Customer Reviews (22)

5-0 out of 5 stars Writing like this is why I read.
An extraodinarily well-written story about the power of love in the face of unimaginable evil. I can't get it out of my head. Writing like this is why I read.

5-0 out of 5 stars Difficult to match
"The Shawl" is one of those Holocaust themed novels that students of the subject must read. Other stories explore the events, while "The Shawl" shows the raw nerve of the survivor. Readers might be surprised by the brevity of the story - it's not even seventy pages - but Ozick intelligently composes every paragraph for powerful effect. The story takes place in Miami Beach during the late 1970's, a time I remember quite well growing up. Ozick captures the feel of the Miami Beach few remember today: a dying oven many people chose as their place to retire and die.

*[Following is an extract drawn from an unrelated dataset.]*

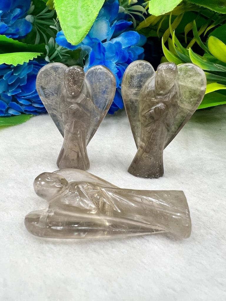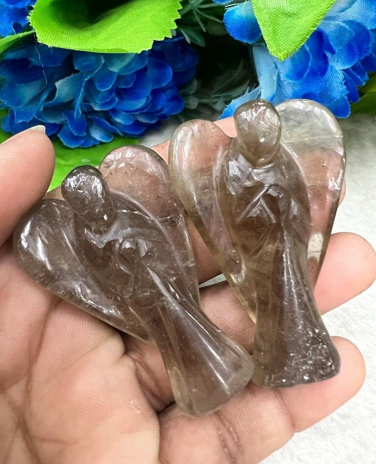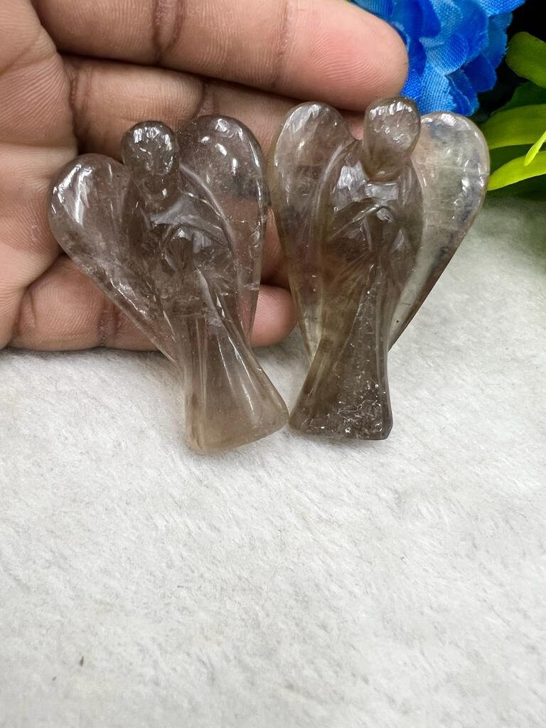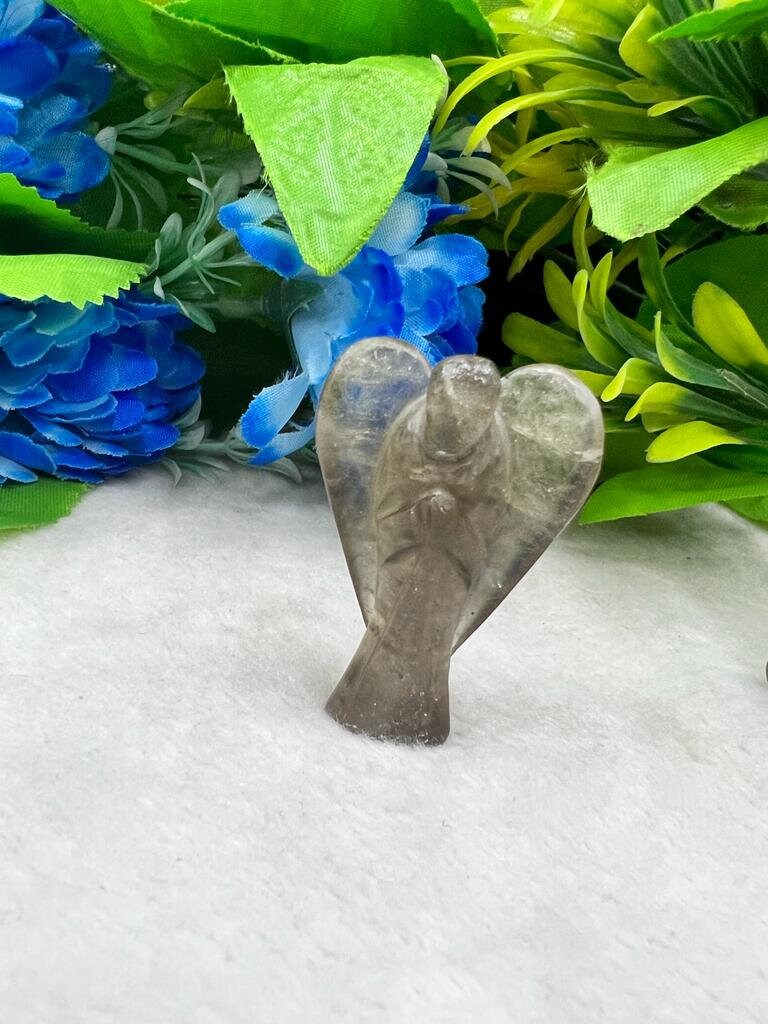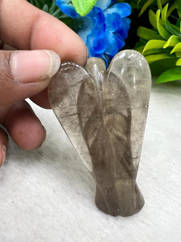 Smoky Quartz Stone 2 inch free standing guardian angel crystal Reiki energy blessed handcarved Pocket Angel Angelic connection

The story resonates with me because my father is a Holocaust survivor who brought his family to Miami Beach. The alienation of Rosa Lublin, the protagonist is perfectly recreated. This is the kind of damage I expect to see in Holocaust survivors, but it's particularly horrible with Rosa. I will not spoil it for you, but I was amazed at how the first four pages of the story left me suddenly crying.

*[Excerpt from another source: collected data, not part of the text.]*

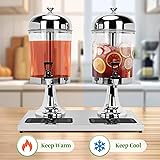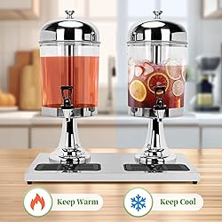LARGE 4.4 GALLON CAPACITY: Our iced drink dispenser holds up to 4.4 gallons of your favorite beverages, making it suitable for hosting large gatherings, parties, and events. Perfect for serving up to 44 cups of 12 oz drinks, this spacious dispenser ensures everyone at your BBQ, picnic, or banquet refill drinks easily REMOVABLE ICE CORE FOR CHILLED BEVERAGES: Keep your drinks perfectly chilled with the built-in ice core of this double beverage dispenser. Simply fill the extended ice chamber with chilled ice pieces to maintain cool drinks throughout your event without diluting the beverage. An included ice shovel makes filling and handling ice a simple task ANTI LEAKAGE FAUCET: Featuring an upgraded faucet, this stainless steel beverage dispenser provides a smooth and steady flow of your drinks while preventing leaks. The valve filter effectively keeps out fruit residue and tea leaves, ensuring clean and mess-free dispensing DURABLE CLEAR PC BODY & STAINLESS STEEL ICE CHAMBER: This drink dispenser is constructed from food-grade material, withstanding temperatures from -40°F to 158°F. The food-grade stainless steel ice chamber is suitable for both ice and hot water, keeping your drinks at the perfect temperature VERSATILE FOR HOME AND COMMERCIAL USE: This 4.4 Gallon double beverage dispenser is not just for home gatherings but also meets the demands of commercial settings. With the capacity to serve up to 44 cups of 12 oz drinks, it's suitable for catering, buffets, restaurants, and more, making it a must-have for any kitchen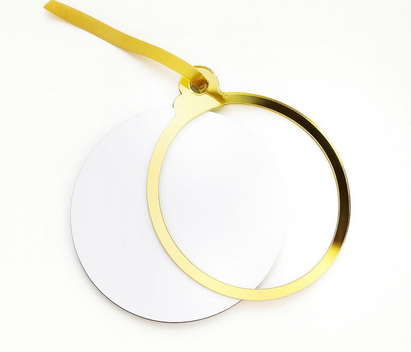 O Pingente de Bola para Árvore de Natal em MDF com Borda em Acrílico Dourado para Sublimação traz o equilíbrio perfeito entre o aconchego do MDF e o brilho elegante do acrílico dourado. Seu centro sublimável permite personalizar com artes exclusivas, nomes ou mensagens, transformando cada peça em um item único e cheio de significado.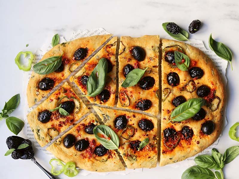 Otlu & Zeytinli Mayasız Focaccia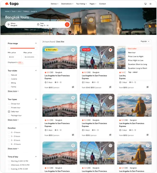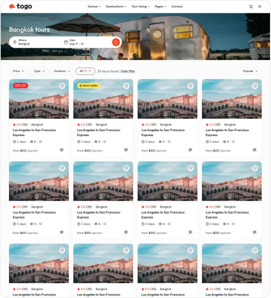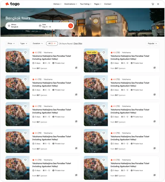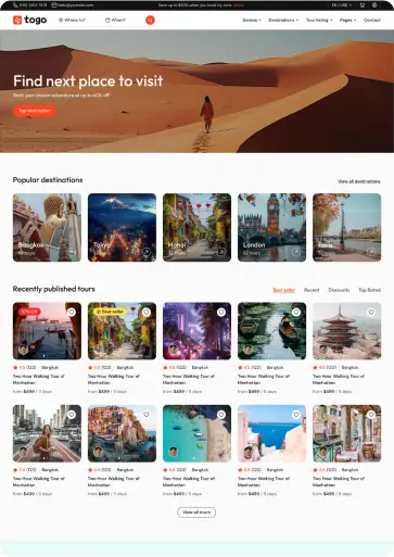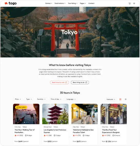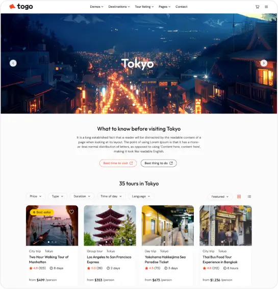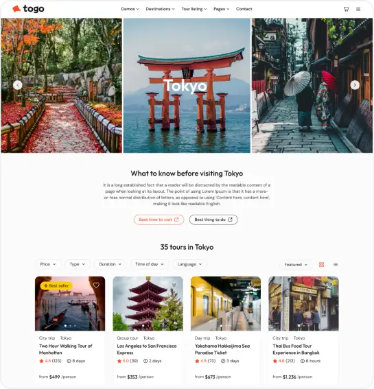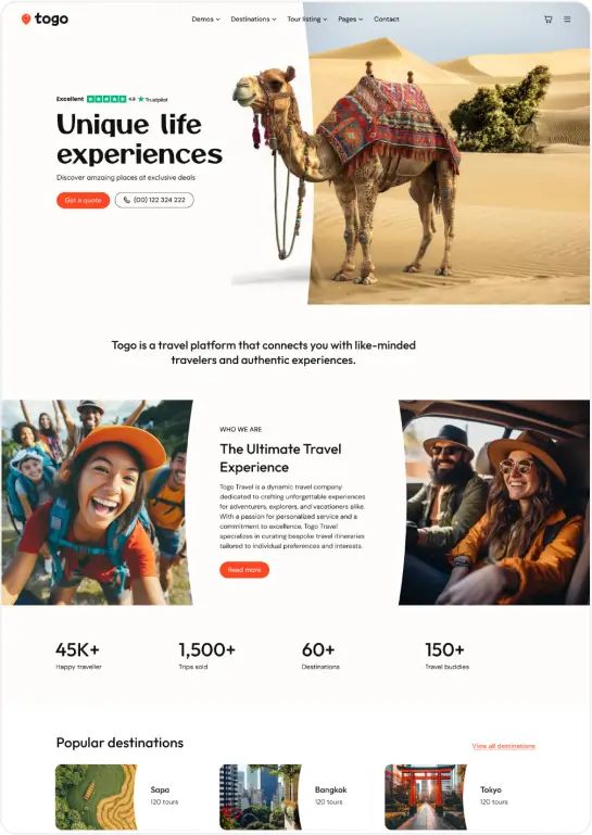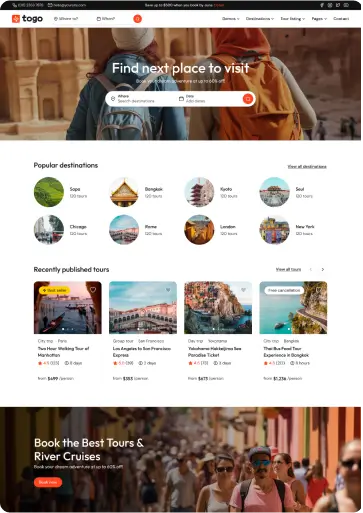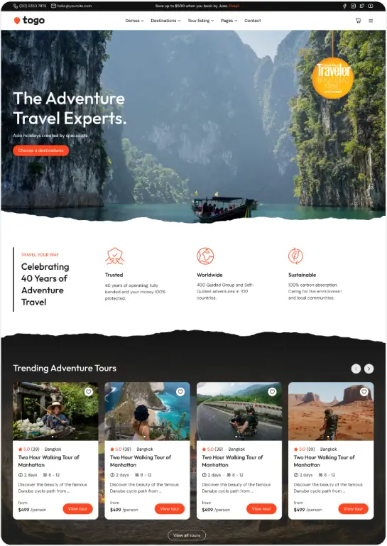 Togo is a professional WordPress theme that makes it easy to build a modern, beautiful tour booking website with full features for reservations, payments, and tour management.

Not enough stories explore the alienation of the Holocaust survivor. Read "The Shawl" and you will understand something the chronologies and statistics can never describe.

5-0 out of 5 stars Heartbreaking, but Beautiful
Consisting of a story and a novella, THE SHAWL takes on large subjects.Three characters are central to both the story and the novella:A mother, Rosa, her niece, Stella, and her daughter, Magda.The shawl of the title figures prominently in both the story and the novella.

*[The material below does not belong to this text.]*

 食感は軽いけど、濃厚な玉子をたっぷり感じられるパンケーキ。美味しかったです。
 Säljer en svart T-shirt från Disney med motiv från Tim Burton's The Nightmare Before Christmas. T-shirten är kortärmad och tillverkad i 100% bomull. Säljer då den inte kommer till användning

In the story, "The Shawl", Rosa is in her early twenties, Stella is fourteen, and Magda is a baby.They are in a concentration camp.The story is only eight pages long, but dense with emotion.If it were much longer, I think the reader might become numb.As it is, it is near perfect, if a story about something so horrifying can be said to be perfect.The story is much anthologized, including in "The Best American Short Stories of the Century" (which is a great collection of short stories if you are at all hesitant about investing solely in Ozick).For fear of spoiling it, my only further comment is that it is well worth the effort to find and read it.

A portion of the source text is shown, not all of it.